Pin static system + tool schemas at the prefix for cache hits
Append-only history helps some hosts reuse KV blocks on shared prefixes
Shorter budgets directly reduce prefill dollars more than shaving max_tokens
Route summarization to a cheap model; keep the planner on the capable model

Tie budget metrics to cost dashboards: tokens per resolved task, not tokens per API call.
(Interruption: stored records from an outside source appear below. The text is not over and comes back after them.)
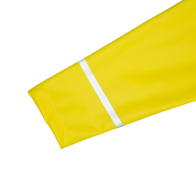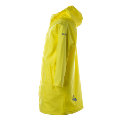 Kids´ water- and windproof rain coat. The coat has an elasticated hood. Welded seams keep the coat dry. It is decorated with reflective details.
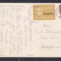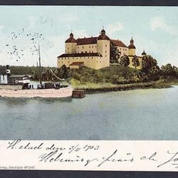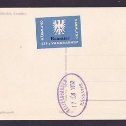 Kalmar slott på kort med STF:s vandrarhemsetikett o stämpel
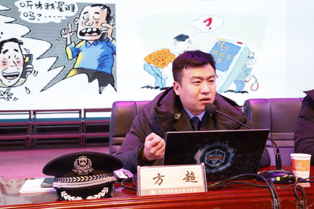 方超警官长期从事电信诈骗案件侦办和防范电信诈骗宣传工作,具有丰富的案件分析研判和宣传教育经验。他从电信诈骗的定义、常见的形式与种类、如何识别防范、上当后的补救措施4个方面讲授了防范电信诈骗知识。特别是旁征博引的20个典型案例引人入胜,在全体师生心中掀起阵阵波澜,留下了深刻印象。他指出防范电信诈骗的根本措施和最有效方法是不能贪图便宜,坚决不能相信“天上会掉馅饼”。
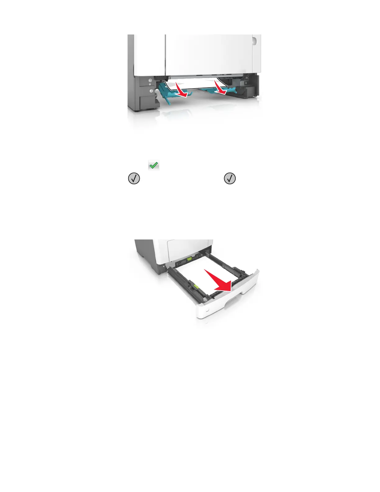 Note: The message on the printer display indicates the tray where the jammed paper is located.
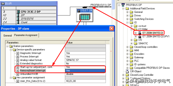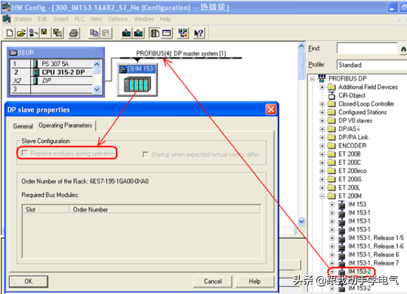 添加IM153-2模块到PROFIBUS总线上,设置热插拔选项

Harbor Support refactor (worked example)

Baseline: 14 K system+tools, unbounded CRM fetch (median 9 K), full thread history (median 11 K), raw tool JSON (median 7 K per turn). P95 prompt size 41 K; 8% of tickets hit truncation errors.

Changes:

CRM tool returns structured excerpt: status, owner, last 3 public notes (cap 800 tokens)
Policy RAG: max 6 chunks, MMR dedupe, citation IDs not full paragraphs
History: verbatim last 4 turns + rolling summary refreshed every 6 turns
Hard stop at 28 K input; overflow triggers emergency summarize-and-retry once
Logged budget_evictions per ticket for tuning

Results: Median input tokens 31 K → 19 K; cost per resolution $0.42 → $0.26; first-contact resolution 61% → 72%; truncation errors 8% → 0.3%. Escalations to humans fell because the model stopped losing account IDs buried in turn 6.

Technique decision table

Scenario	Prefer	Avoid
Long support / sales threads	Rolling summary + anchor turns	Full verbatim history every turn
SQL / log tool agents	Structured excerpt + row cap	LLM summary of raw JSON only
Single-shot Q&A	Tight RAG top-k, minimal system	Loading entire knowledge base
15+ step coding agent	Step ledger + external file state	Re-sending all file contents each step
Sub-100 ms latency SLA	Small budget, fewer tools exposed	On-the-fly summarization every turn
Regulated audit trail	Full logs in DB; budgeted view to model	Dropping history without archival

Pitfalls

Summarization amnesia — summaries drop ticket IDs, SKU codes, or negation (“do not refund”). Validate with entity retention tests.
Over-compression before action — agent never sees the row it needs; cap compression only after confirming the model has enough to decide.
Tool schema bloat — 40 tools × 400 tokens each consumes budget before any user text. Use dynamic tool routing or grouped tools.
Duplicate RAG — same policy chunk retrieved every turn; dedupe by document ID and freshness.
Budget without telemetry — you cannot tune caps you do not measure; log tokens per layer per turn.
Confusing window size with budget — 200 K context invites slow, expensive, unfocused prompts.
Evicting corrections — user fixes (“wrong account”) must be anchor-pinned or the agent repeats mistakes.
Cache-unfriendly ordering — mutating system prompt breaks prefix cache; keep static content stable.

Production checklist

Define max input tokens per agent class (include output reserve).
Allocate fixed caps per layer: system, tools, RAG, history, current turn.
Implement tool-result excerpting before model injection.
Set summarization trigger on history token count or turn count.
Pin anchor turns (intent, corrections, last tool success).
Log tokens per layer, evictions, and truncation events every turn.
Archive full traces externally for audit even when the model sees summaries.
Test entity retention after summarization on real ticket samples.
Expose dynamic tool subsets when tool schemas exceed 20% of budget.
Align budget metrics with cost-per-resolved-task, not per-call averages.
Load-test P95 prompt size under worst-case tool payloads.
Document overflow behavior: fail closed, summarize-and-retry, or escalate.

Key takeaways

Context budgeting is a product control, not just a provider limit.
Tool results usually dominate growth; compress them before history.
Rolling summaries plus anchor turns beat blind sliding windows.
Harbor Support cut cost 38% and improved resolution 11 points with explicit caps.
Measure tokens per layer; tune budgets with eviction telemetry.